#### [Available records]
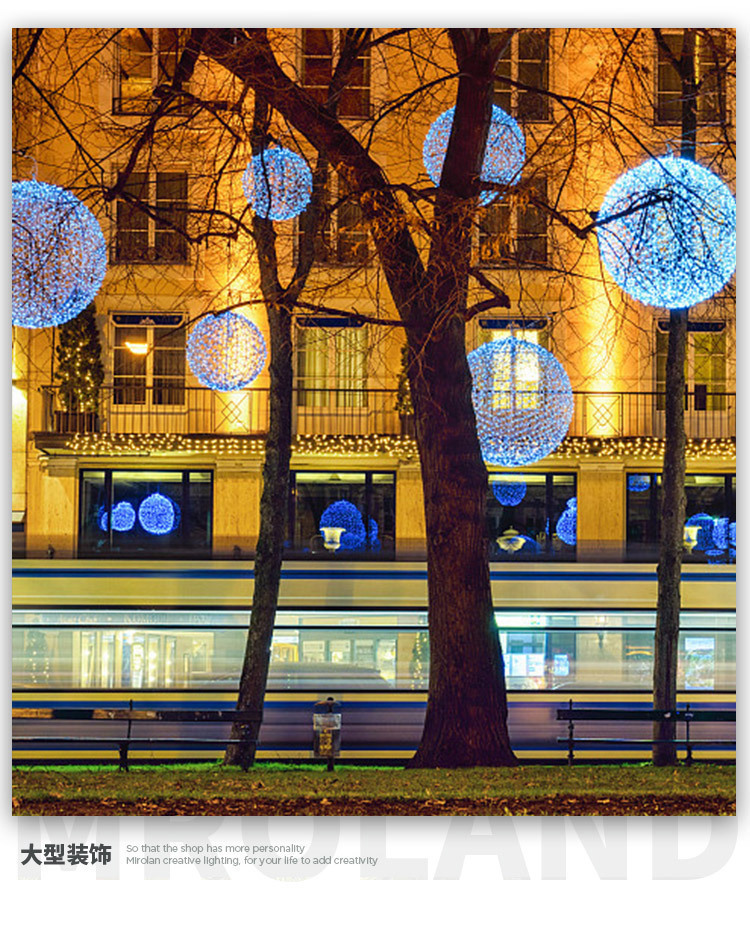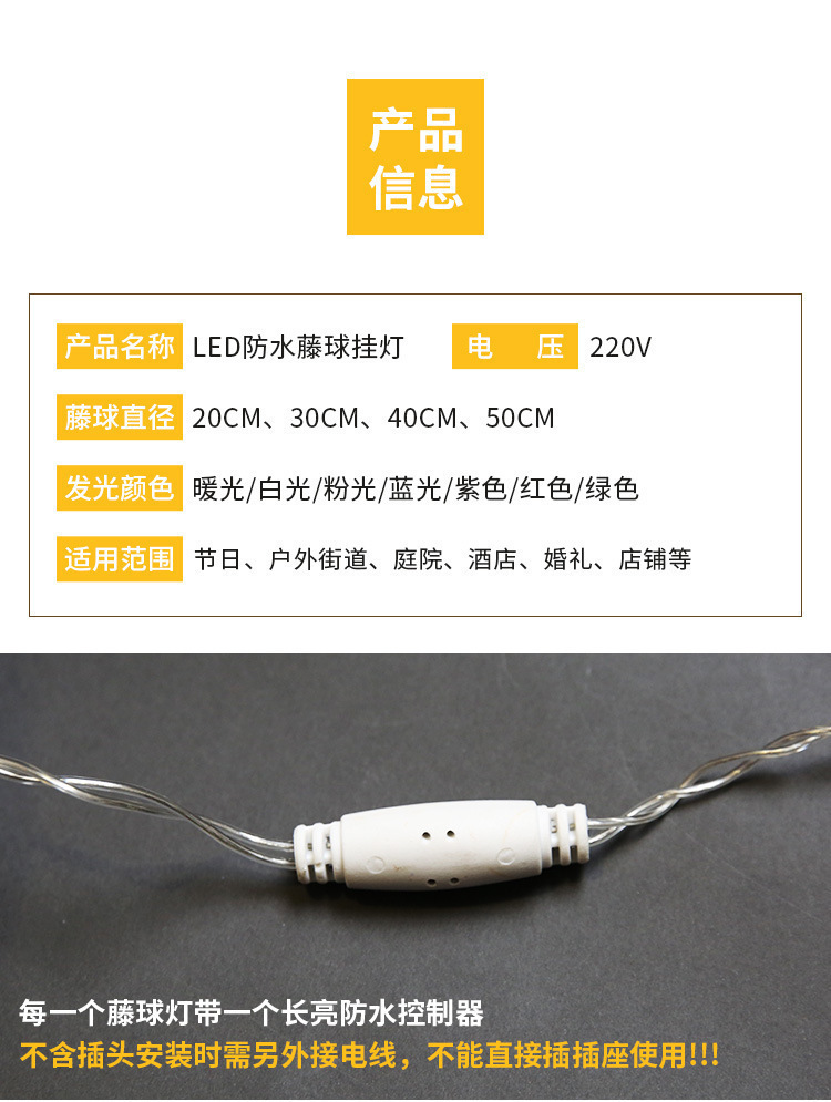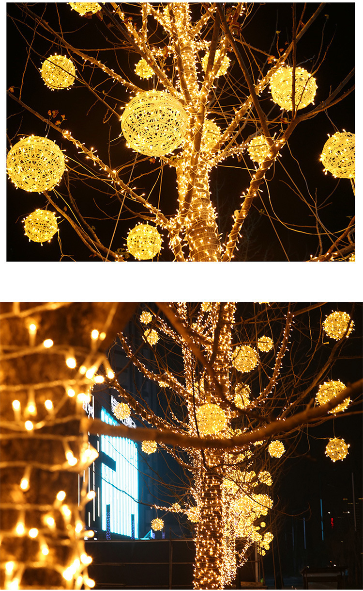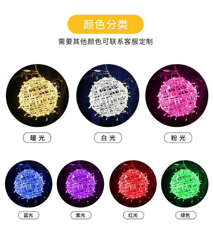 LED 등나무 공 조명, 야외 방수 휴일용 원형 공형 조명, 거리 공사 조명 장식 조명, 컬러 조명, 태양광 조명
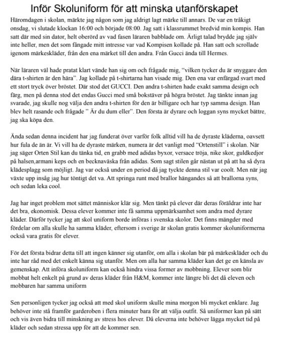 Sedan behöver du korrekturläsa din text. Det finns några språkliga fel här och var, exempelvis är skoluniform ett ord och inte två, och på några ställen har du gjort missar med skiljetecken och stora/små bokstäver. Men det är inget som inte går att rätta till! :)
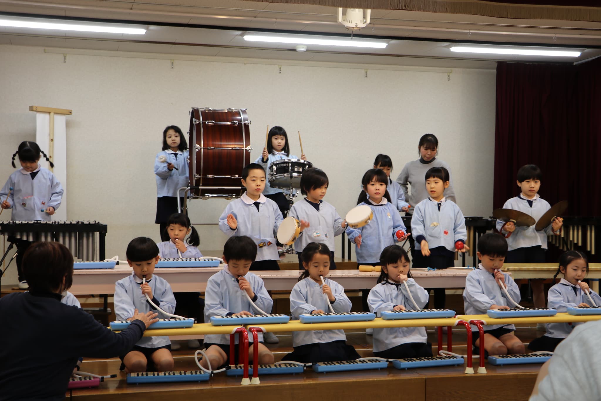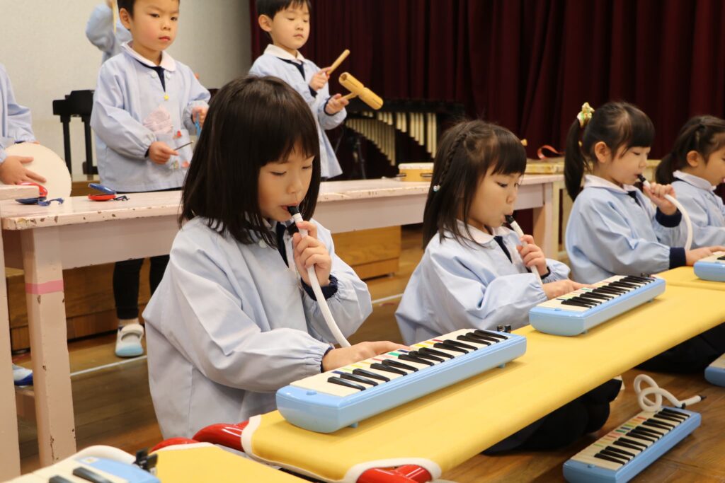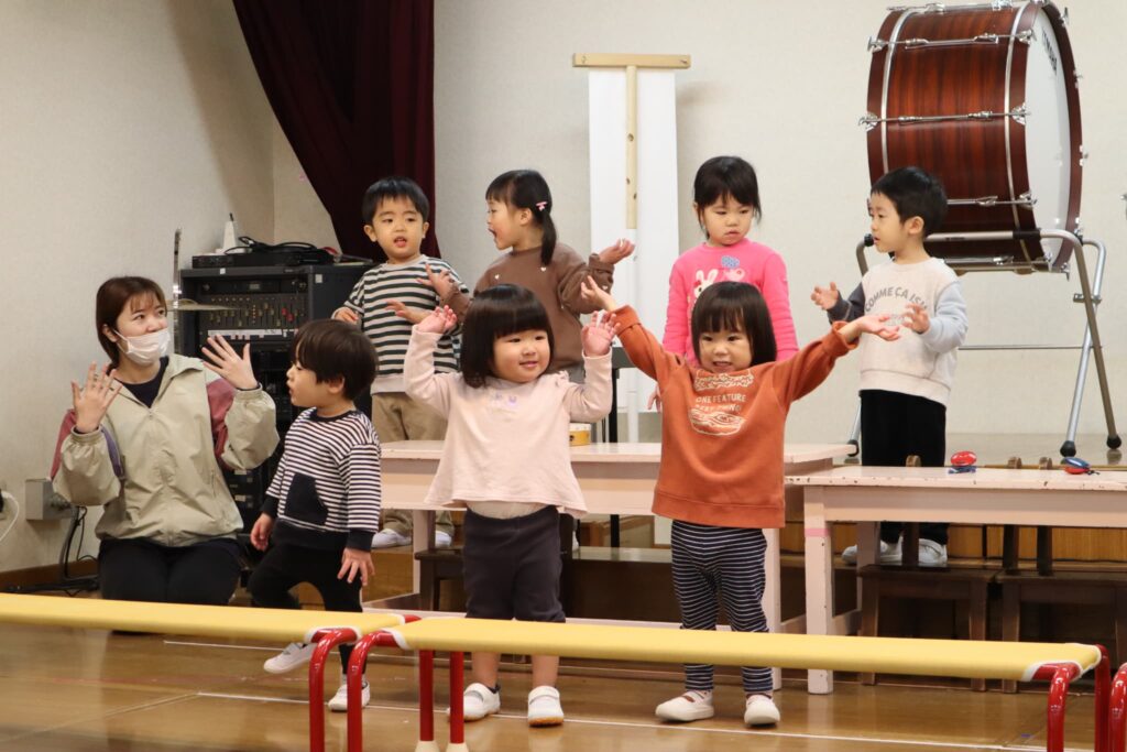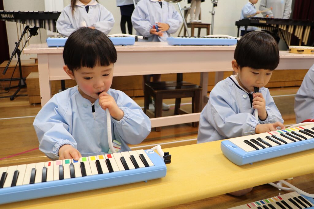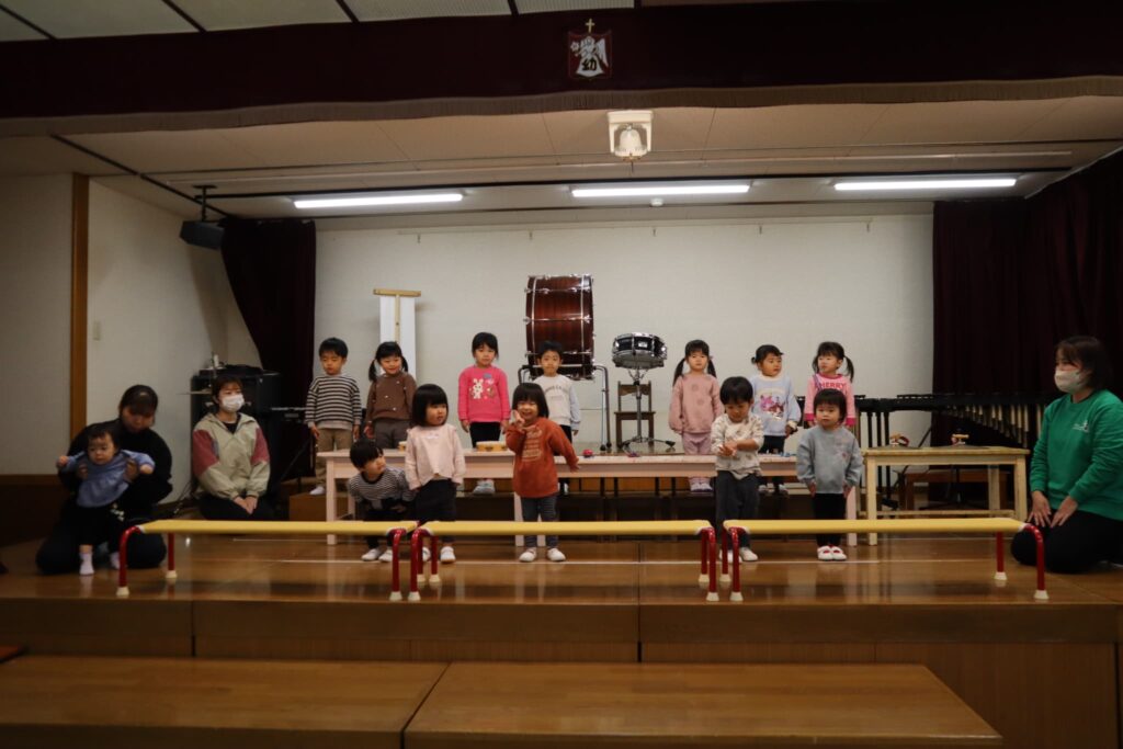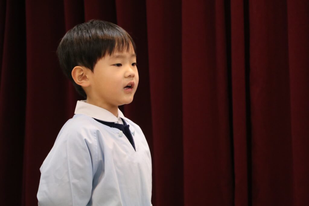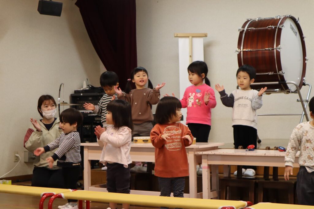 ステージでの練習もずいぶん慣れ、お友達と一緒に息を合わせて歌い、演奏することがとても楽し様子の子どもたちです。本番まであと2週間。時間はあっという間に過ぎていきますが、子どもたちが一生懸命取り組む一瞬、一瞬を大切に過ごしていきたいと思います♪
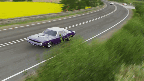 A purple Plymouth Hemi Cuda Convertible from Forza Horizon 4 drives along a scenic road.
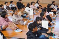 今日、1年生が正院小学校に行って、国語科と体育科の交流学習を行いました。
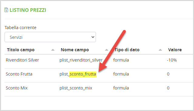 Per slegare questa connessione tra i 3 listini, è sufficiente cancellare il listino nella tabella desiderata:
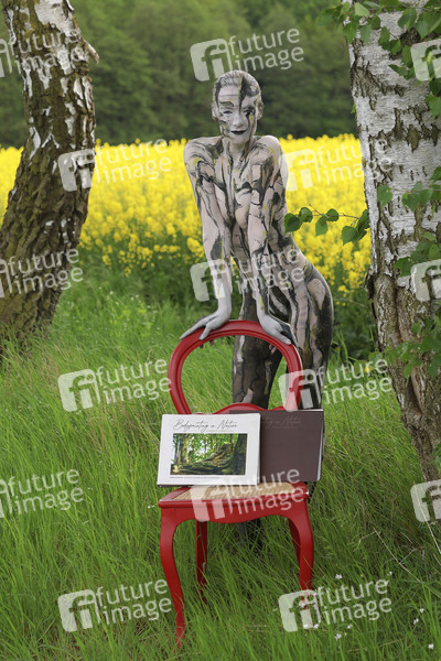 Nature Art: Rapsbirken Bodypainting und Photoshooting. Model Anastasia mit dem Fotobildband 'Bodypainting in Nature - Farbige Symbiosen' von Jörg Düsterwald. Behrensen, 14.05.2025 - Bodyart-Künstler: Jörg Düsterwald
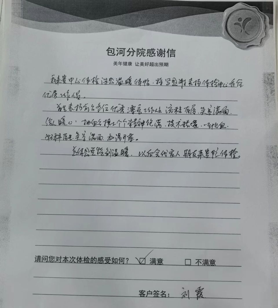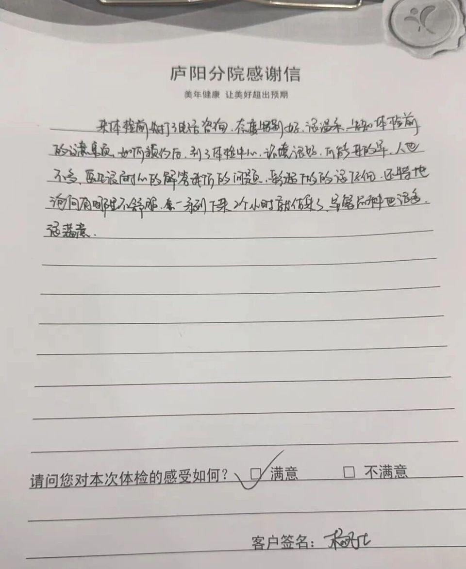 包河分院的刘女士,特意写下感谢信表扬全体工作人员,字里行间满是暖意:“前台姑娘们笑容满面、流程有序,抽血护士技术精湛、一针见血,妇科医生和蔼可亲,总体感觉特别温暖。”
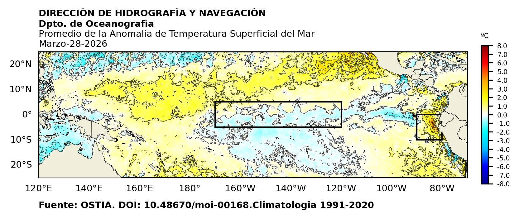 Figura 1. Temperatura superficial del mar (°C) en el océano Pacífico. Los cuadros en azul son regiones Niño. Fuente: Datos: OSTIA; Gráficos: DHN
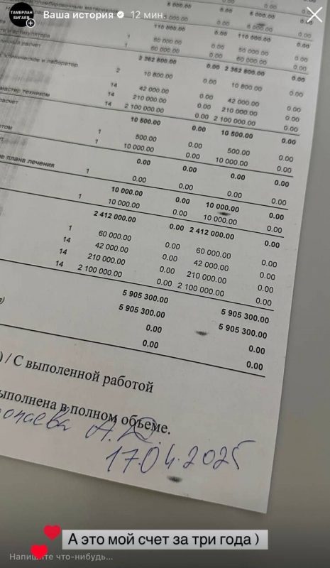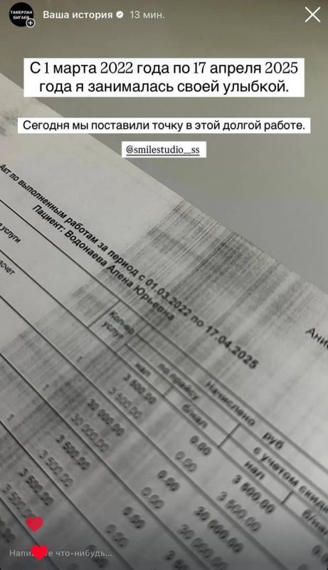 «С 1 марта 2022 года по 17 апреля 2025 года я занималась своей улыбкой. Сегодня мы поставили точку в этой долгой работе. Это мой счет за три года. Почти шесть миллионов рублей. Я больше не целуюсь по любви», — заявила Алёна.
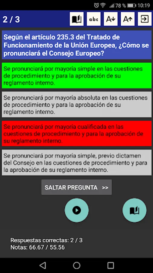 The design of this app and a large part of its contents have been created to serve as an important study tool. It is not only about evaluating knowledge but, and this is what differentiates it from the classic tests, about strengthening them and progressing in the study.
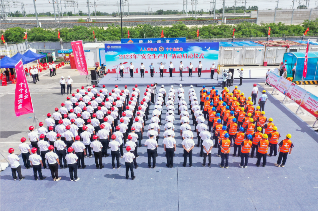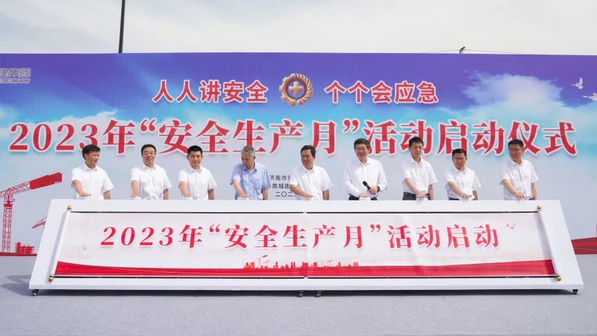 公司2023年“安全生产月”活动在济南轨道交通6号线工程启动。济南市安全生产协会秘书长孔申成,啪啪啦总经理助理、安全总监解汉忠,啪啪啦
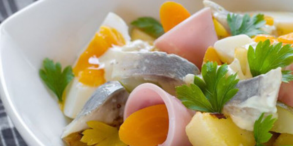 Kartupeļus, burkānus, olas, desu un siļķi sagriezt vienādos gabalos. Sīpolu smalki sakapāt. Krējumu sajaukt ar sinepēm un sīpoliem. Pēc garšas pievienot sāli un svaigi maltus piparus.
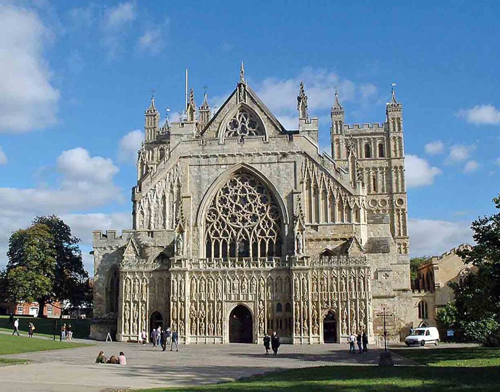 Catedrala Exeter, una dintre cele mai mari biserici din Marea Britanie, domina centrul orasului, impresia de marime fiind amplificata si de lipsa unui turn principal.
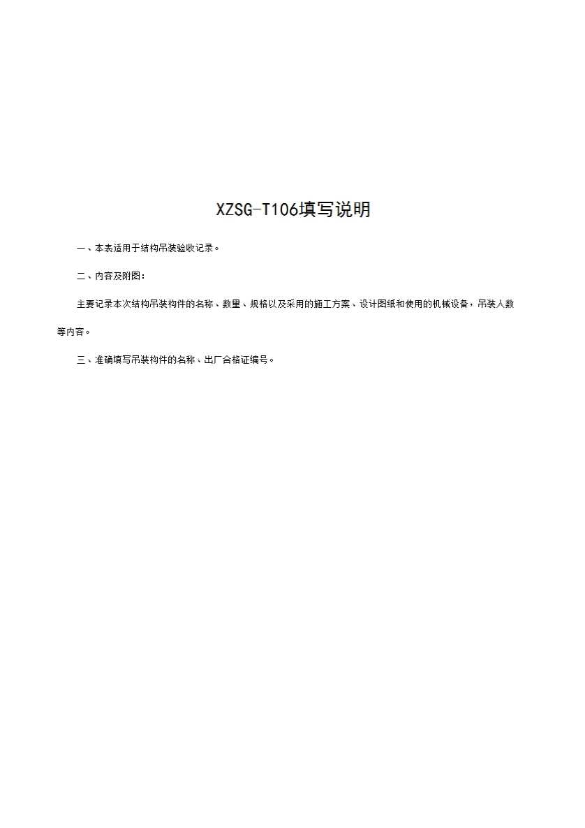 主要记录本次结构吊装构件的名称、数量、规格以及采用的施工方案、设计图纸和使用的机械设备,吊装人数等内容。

#### [Exercise directions]
Write out every entry above exactly as it stands, minus the pictures.

#### [Response box]
 LED 등나무 공 조명, 야외 방수 휴일용 원형 공형 조명, 거리 공사 조명 장식 조명, 컬러 조명, 태양광 조명
 Sedan behöver du korrekturläsa din text. Det finns några språkliga fel här och var, exempelvis är skoluniform ett ord och inte två, och på några ställen har du gjort missar med skiljetecken och stora/små bokstäver. Men det är inget som inte går att rätta till! :)
 ステージでの練習もずいぶん慣れ、お友達と一緒に息を合わせて歌い、演奏することがとても楽し様子の子どもたちです。本番まであと2週間。時間はあっという間に過ぎていきますが、子どもたちが一生懸命取り組む一瞬、一瞬を大切に過ごしていきたいと思います♪
 A purple Plymouth Hemi Cuda Convertible from Forza Horizon 4 drives along a scenic road.
 今日、1年生が正院小学校に行って、国語科と体育科の交流学習を行いました。
 Per slegare questa connessione tra i 3 listini, è sufficiente cancellare il listino nella tabella desiderata:
 Nature Art: Rapsbirken Bodypainting und Photoshooting. Model Anastasia mit dem Fotobildband 'Bodypainting in Nature - Farbige Symbiosen' von Jörg Düsterwald. Behrensen, 14.05.2025 - Bodyart-Künstler: Jörg Düsterwald
 包河分院的刘女士,特意写下感谢信表扬全体工作人员,字里行间满是暖意:“前台姑娘们笑容满面、流程有序,抽血护士技术精湛、一针见血,妇科医生和蔼可亲,总体感觉特别温暖。”
 Figura 1. Temperatura superficial del mar (°C) en el océano Pacífico. Los cuadros en azul son regiones Niño. Fuente: Datos: OSTIA; Gráficos: DHN
 «С 1 марта 2022 года по 17 апреля 2025 года я занималась своей улыбкой. Сегодня мы поставили точку в этой долгой работе. Это мой счет за три года. Почти шесть миллионов рублей. Я больше не целуюсь по любви», — заявила Алёна.
 The design of this app and a large part of its contents have been created to serve as an important study tool. It is not only about evaluating knowledge but, and this is what differentiates it from the classic tests, about strengthening them and progressing in the study.
 公司2023年“安全生产月”活动在济南轨道交通6号线工程启动。济南市安全生产协会秘书长孔申成,啪啪啦总经理助理、安全总监解汉忠,啪啪啦
 Kartupeļus, burkānus, olas, desu un siļķi sagriezt vienādos gabalos. Sīpolu smalki sakapāt. Krējumu sajaukt ar sinepēm un sīpoliem. Pēc garšas pievienot sāli un svaigi maltus piparus.
 Catedrala Exeter, una dintre cele mai mari biserici din Marea Britanie, domina centrul orasului, impresia de marime fiind amplificata si de lipsa unui turn principal.
 主要记录本次结构吊装构件的名称、数量、规格以及采用的施工方案、设计图纸和使用的机械设备,吊装人数等内容。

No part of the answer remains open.